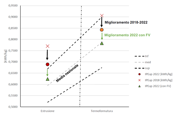 Inoltre, riportando l’analisi energetica a degli indicatori di prestazione energetica (IPE) riferiti al processo produttivo e ai servizi ausiliari/generali, diventa possibile fare una comparativa dell’impresa con i riferimenti globali delle aziende operanti nello stesso settore, permettendo di valutare:
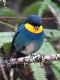 Блакитна́р золотогорлий[2] (Iridosornis porphyrocephalus) — вид горобцеподібних птахів родини саякових (Thraupidae)[3]. Мешкає в Колумбії і Еквадорі.
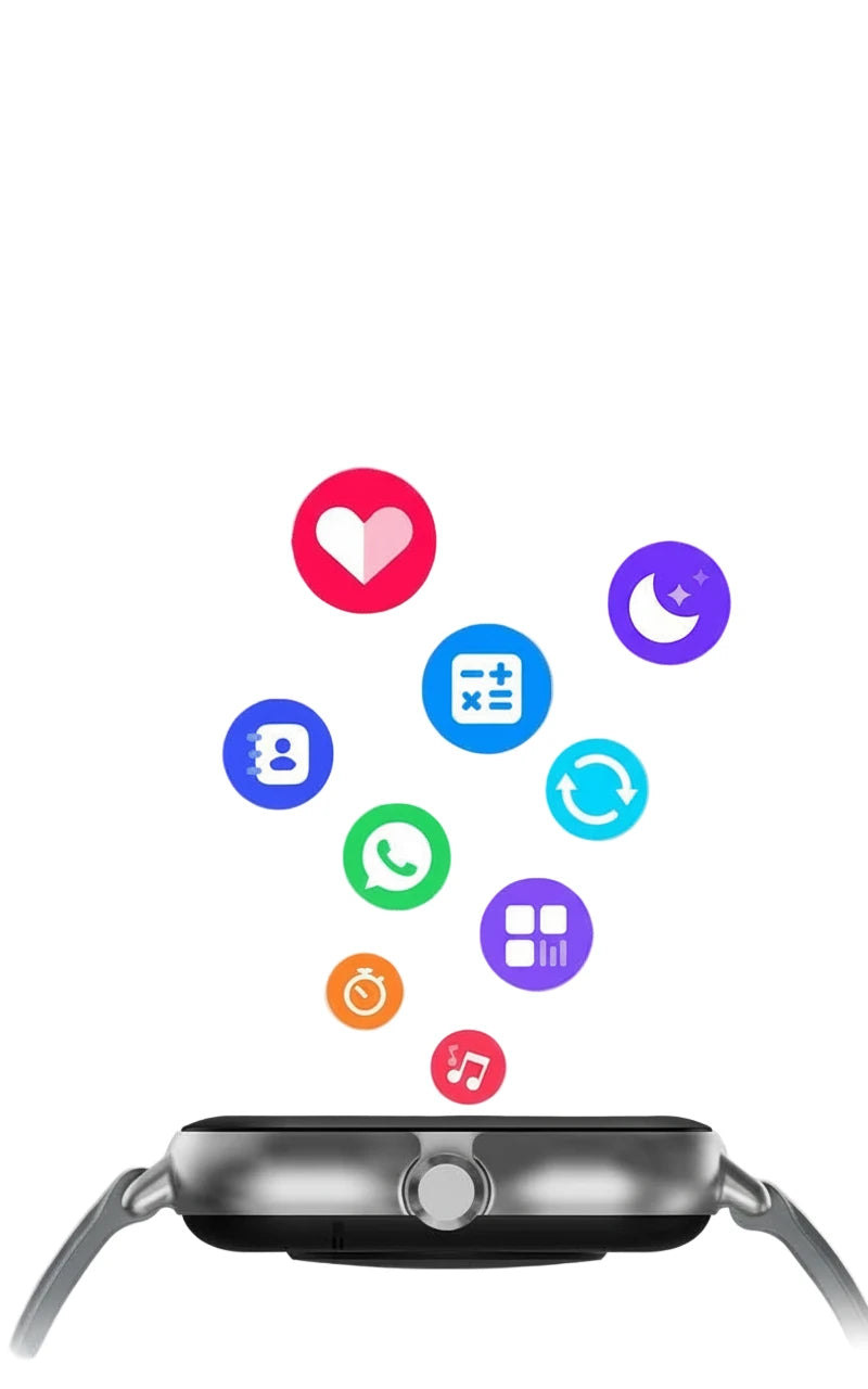 Papier peint personnalisé, appel Bluetooth, contrôle de la musique, rappel de message d'application sociale, rappel d'appel entrant, rappel SMS, multi-exercices, rappel de réveil, rappel de sédentarité, recherche de téléphone portable, lecture de musique, chronomètre, comptage de pas, distance, calories, surveillance du sommeil, surveillance de la fréquence cardiaque, tension artérielle, oxygène dans le sang, recherche d'équipements, changement de langue et lever la main pour éclairer l'écran.
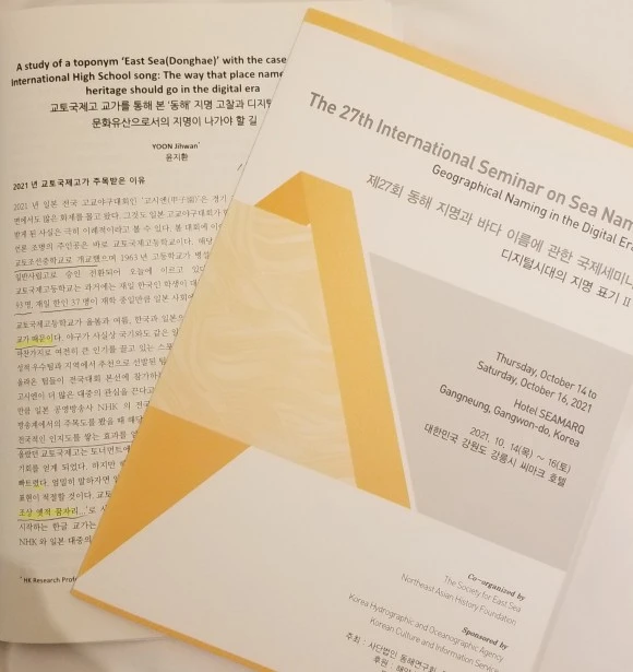 윤 교수의 발표와 나의 보충설명으로, 세미나 참석자들이 일본에서 교토국제학교의 '동해' 한글 교가 방송에 관해 더욱 깊게 이해했을 것이라 생각한다. 하지만 그것도 그것대로 의미가 있겠지만, 무엇보다 '교토국제고의 교가'가 바다이름을 다루는 국제세미나에 등장했다는 것이 나에겐 흥분거리이고 역사적인 일이었다. 한때 그런 일의 연착륙을 위해 고민했던 사람으로서, 남다른 기분에 젖었다.
+--
_EXERCISE BRIEF_
Restate the material word for word from its first line through the line containing "Блакитна́р золотогорлий[2] (Iridosornis", both included; the pictures do not belong in it.

_TASK OUTPUT_
 Inoltre, riportando l’analisi energetica a degli indicatori di prestazione energetica (IPE) riferiti al processo produttivo e ai servizi ausiliari/generali, diventa possibile fare una comparativa dell’impresa con i riferimenti globali delle aziende operanti nello stesso settore, permettendo di valutare:
 Блакитна́р золотогорлий[2] (Iridosornis porphyrocephalus) — вид горобцеподібних птахів родини саякових (Thraupidae)[3]. Мешкає в Колумбії і Еквадорі.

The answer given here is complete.